気を取り直し、Hall of Fame へ。まず20分ほどのVTRを見る部屋に通される。パッカーズの歴史をまとめたものだ。映像があるので内容は把握でき、なかなか感動的なつくりになっているのだが、私のリスニング能力では細かいところまでは聞き取れない。勉強しないと。それが終わると展示室へ。チーム創設から現在まで、様々な説明と展示物がある。ロンバルディ時代のものが多い。私は1990年代以降しか詳しいことがわからないのでちょっと残念。
ファーヴとレジー・ホワイトがやってきた頃や1996年シーズン(スーパーボウル制覇)の展示が楽しい。彼らのユニフォームやスパイク、彼らが表紙を飾った雑誌などがガラスケースに収められている。その近くでは「ランボー・リープ」の起源について、VTRが流れている。

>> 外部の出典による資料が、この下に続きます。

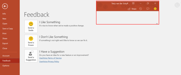 Don’t forget you have the ability to give feedback straight from your Office app: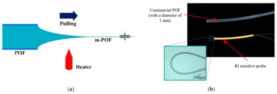 To date, many different kinds of optical fiber-based RI sensors have been proposed. For example, the fiber grating-based sensors including the fiber Bragg gratings [7,8,9], the long-period fiber gratings [10,11,12], and the titled fiber Bragg gratings [13,14,15] were employed for RI sensing; different types of fiber interferometers, such as the Mach–Zehnder interferometer [16,17,18], the Fabry–Pérot interferometer [19], the Michelson interferometer [20], and the Sagnac interferometer [21,22], were used for RI measurement; many kinds of optical fiber-based surface plasmon resonance sensors were proposed for RI sensing [23,24,25]. Besides, some 2D materials like graphene [26] and molybdenum disulfide (MoS2) [27] were also integrated on the fiber for RI measurement. Most of the reported optical fiber RI sensors are based on the glass optical fibers; however, after the structural modification, they will become very fragile, which makes them unsuitable for RI measurement in some special situations. Compared with the glass optical fibers, the polymer optical fibers (POFs) can solve these issues. This kind of fiber is made of polymer materials, which have an ease of fabrication and operation, low cost, high flexibility, softness, and light weight [28,29]. The POF-based sensors have the advantages of high strain limit, ease of operating, and high repeatability, and can be used in harsh environments and bending situations [30,31]. In addition, polymer materials are more easily doped with organic materials [32] and compatible with biological materials, which gives POF-based sensors great potential in the biological sensing fields [33]. To date, the POF-based sensors have many applications including temperature detection [34], liquid level detection [35,36], displacement detection [37], PH detection [38], strain detection [39], bending measurement [40], environment detection [41], and so on.

ある試合でレジー・ホワイトがファンブルボールを拾い、リロイ・バトラーにパス。バトラーはそのままエンドゾーンまで持っていき、TD。大喜びするファンが目に入り、バトラーは思わず客席に飛び込んだ。それが「ランボー・リープ」の始まりだということだ。その試合のVTRが流れている。興味深い。
最後の部屋では、ロンバルディ・トロフィーが展示されている。おそらくレプリカ。3つ並ぶ光り輝くトロフィー。このチームの栄光そのものだ。
Hall of Fame を出ると、突然女性が話しかけてきた。「私は Green Bay Press-Gazzette 紙の記者ですが、シャーマンHCが解任されたことについてどう思いますか?」と言っている。突然のことで舞い上がってしまい、「ごめんなさい。日本から来ているので、英語で上手くコメントできるかどうか・・・」と断ってしまった。後になって「何でもいいから言っておいたら、明日の地元紙に載っていたかもしれなかったのに!」と後悔した。あー、しまった(笑)。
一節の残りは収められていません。